The Digital Library currently has more than 2,500 resources for K-12 teachers covering the various clusters of Common Core standards, content areas and grades. They include items contributed by teachers in the consortium states and instructional videos and tutorials commissioned by Smarter Balanced and produced by Amplify, a subsidiary of the News Corp., and other sources.

In November, the state Department of Education reported that log-ins had been created for 107,000 of the state’s approximately 300,000 teachers. In an agenda item for the Jan. 14 board meeting, the department has updated the enrollment figure to 155,000 teachers. California Department of Education officials don’t know the number of actual users in California.

At its last meeting, in November, several members of the State Board of Education, which approved the contract with Smarter Balanced that includes the Digital Library, expressed dismay that more school districts hadn’t promoted the resource.

“If we are paying for this to be available to teachers and it is not, then there is a problem,” said board member Sue Burr. “I don’t know what districts are doing, but it strikes me as very strange.”
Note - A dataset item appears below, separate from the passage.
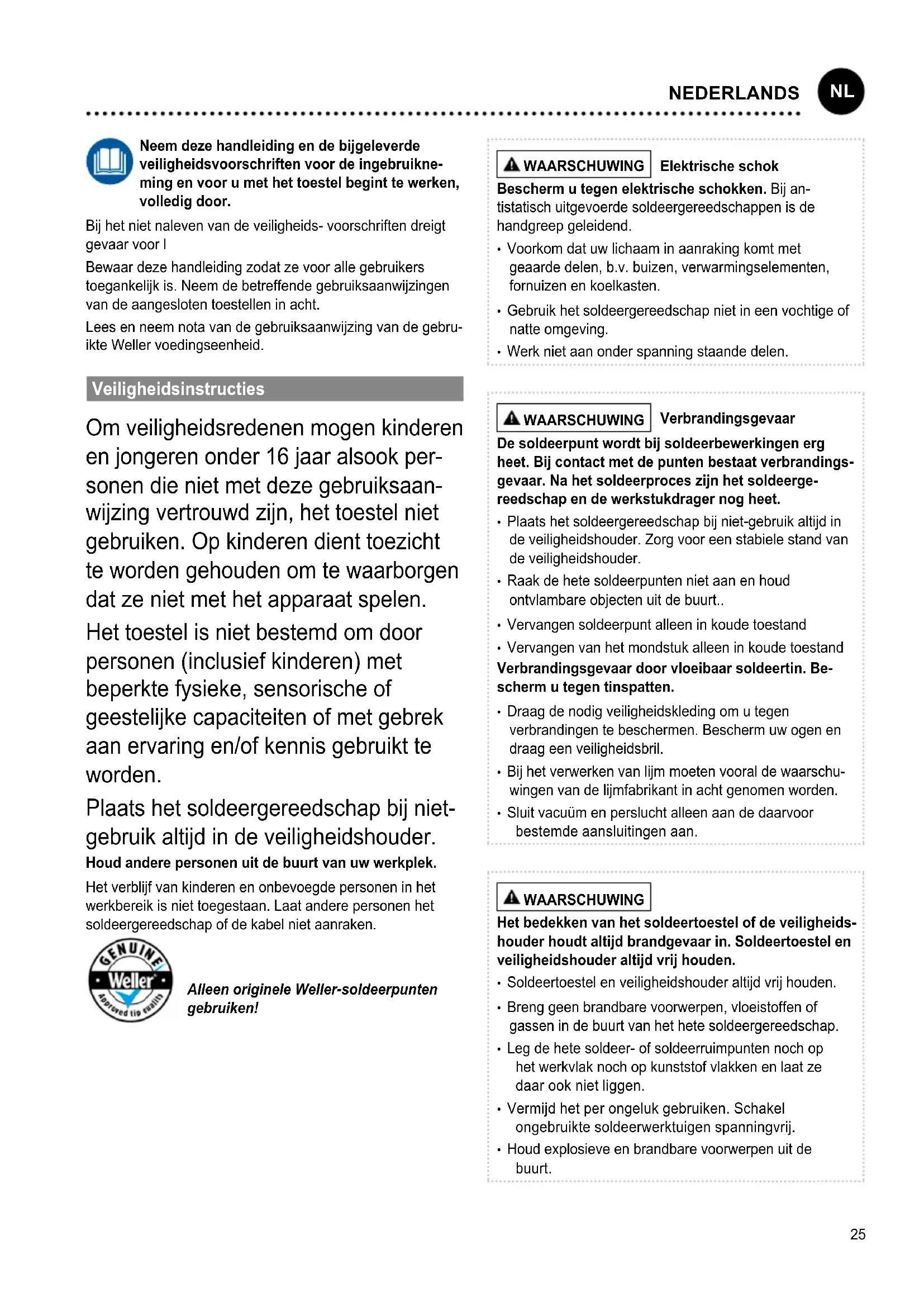 NEDERLANDS Bewaar uw soldeergereedschap op een veilige plek. Ongebruikte toestellen en gereedschappen moeten op een droge, hoog gelegen of afgesloten plaats buiten het bereik van kinderen bewaard worden. Schakel ongebruikte soldeerwerktuigen spannings- en drukvrij. Gebruik de kabel niet voor toepassingen waarvoor het niet bestemd is. Draag het toestel nooit aan de kabel. Gebruik de kabel niet om de stekker uit het stopcontact te trekken. Bescherm de kabel tegen hitte, olie en scherpe randen. Wees aandachtig. Let erop wat u doet. Ga met verstand aan het werk. Gebruik het soldeergereedschap niet als u niet geconcentreerd bent. Vermijd abnormale lichaamshouding. Zorg voor een ergonomische werkplek. Vermijd houdingsfouten bij het werken, houdingsfouten veroorzaken houdingsschade. Het soldeergereedschap mag enkel in een technisch perfecte staat in gebruik genomen worden. Veiligheidsin- richtingen mogen niet buiten bedrijf gesteld worden. Storingen en defecten moeten onmiddellijk verholpen worden. Voor elk gebruik van het toestel/werktuig moeten veiligheidsinrichtingen zorgvuldig op hun perfecte en reglementaire werking onderzocht worden. Controleer of de bewegende delen perfect functioneren en niet klemmen en of delen beschadigd zijn. Alle delen moeten juist gemonteerd zijn en aan alle voorwaarden voldoen om het perfecte gebru- ik van het toestel te garanderen. Gebruik het juiste werktuig. Gebruik alleen toebehoren of hulptoestellen die in de toebehorenlijst vermeld of door de fabrikant vrijgegeven zijn. Gebruik WELLER toebehoren of hulptoestellen alleen aan originele WELLER-toestellen. Het gebruik van andere werktuigen en ander toebehoren kan verwondingsgevaar voor u betekenen. Beveilig het werktuig. Gebruik spaninrichtingen om het werkstuk vast te houden. Gebruik een soldeerrookafzuiging. Als inrichtingen voor het aansluiten van soldeerrookafzuigingen voorhanden zijn, controleer dan of deze aangesloten en juist gebruikt worden. Voorgeschreven Gebruik Van Het Systeem Gebruik de soldeerbout uitsluitend conform de in de gebru- iksaanwijzing beschreven bestemming voor het solderen en soldeerruimen onder de hier opgegeven omstandigheden. De soldeerbout mag alleen met de Weller voedingseenhe- den gebruikt worden. Dit toestal mag alleen bij kamertemperatuur en in binnen- ruimtes gebruikt worden. Tegen vocht en direct zonlicht beschermen. Gebruikersgroepen Wegens verschillend hoge risico‘s en gevaren mogen som- mige handelingen alleen door geschoolde vaklui uitgevoerd worden. Handeling Gebruikersgroepen Opgave van de soldeerpa- rameters Vakpersoneel met technische opleiding Vervangen van elektrische reserveonderdelen Elektrotechnicus Opgave van onderhouds- intervallen Veiligheidskracht Bedienen Wissel van de lter Leek Bedienen Wissel van de lter Vervangen van elektrische reserveonderdelen Technische leerling onder leiding en toezicht van een opgeleide vakman onderhouden WAARSCHUWING Voor alle werkzaamheden aan het apparaat de stekker uit het stopcontact nemen. Toestel laten afkoelen. Controleer regelmatig alle aangesloten kabels en slangen. Beschadigde elektrische gereedschappen onmiddellijk buiten bedrijf stellen. Verstopte mondstukken mogen niet gebruikt worden. Reparaties moeten door personen uitgevoerd worden die door Weller zijn opgeleid. Gebruik alléén origineel toebehoren en originele onderdelen. WAARSCHUWING Verbrandingsgevaar

The California Department of Education says that 400 of the state’s nearly 1,000 districts have not provided the Smarter Balanced consortium with information that would automatically generate log-ins and an email telling teachers about the Digital Library. It has asked the Educational Testing Service, which administers tests for the state, to contact them to find out why. The department would not identify the districts.

Opinions differ on its value

Los Angeles Unified, the state’s largest district, reports that all of its teachers should have received log-in information by mid-December. But some districts aren’t providing log-ins for all teachers because they’ve examined the materials and concluded the library doesn’t mesh with their training approaches.

“At this point in time we are only uploading teacher names by request. We have done minimal advertising of the availability of the Digital Library,” said John Burke, supervisor of the Assessments and Achievement Division at the San Francisco Unified School District. “We looked at it, but nothing in particular stood out. That’s too bad, because we thought it would be great.”

San Jose Unified also isn’t promoting the site but has provided all teachers with access to it. “We haven’t yet found a resource (in the library) that meets the (district’s) level of rigor,” Jason Willis, assistant superintendent of San Jose Unified, wrote in an email.

“If we are paying for this to be available to teachers and it is not, then there is a problem. I don’t know what districts are doing, but it strikes me as very strange,” said State Board of Education member Sue Burr.

Long Beach Unified, the state’s third-largest district, is more supportive. Pamela Seki, assistant superintendent for curriculum, instruction and professional development, said that all teachers, administrators and staff received videos from Smarter Balanced and slides introducing the library. The resources are also on the district’s website.

Anne Oberjuerge, Long Beach’s K-5 math curriculum leader, said that she has not heard back from teachers. But she said that’s not surprising, since they’re “overwhelmed with the transition to Common Core, with so much coming at them at once.”

She said she discovered an excellent resource in the Digital Library on understanding fractions with videos and formative assessments, in English and Spanish, that she emailed to 4th-grade teachers. She may include a tour of the library in the district’s next math training in February, she said.

 Filters permit teachers to search the library by grade, subject, standards and other criteria.

Filters permit teachers to search the library by grade, subject, standards and other criteria.

Having the resources vetted by teachers and in one location, with an effective search function, could prove valuable to California teachers. Even critics of what’s in it now acknowledge the Digital Library’s potential.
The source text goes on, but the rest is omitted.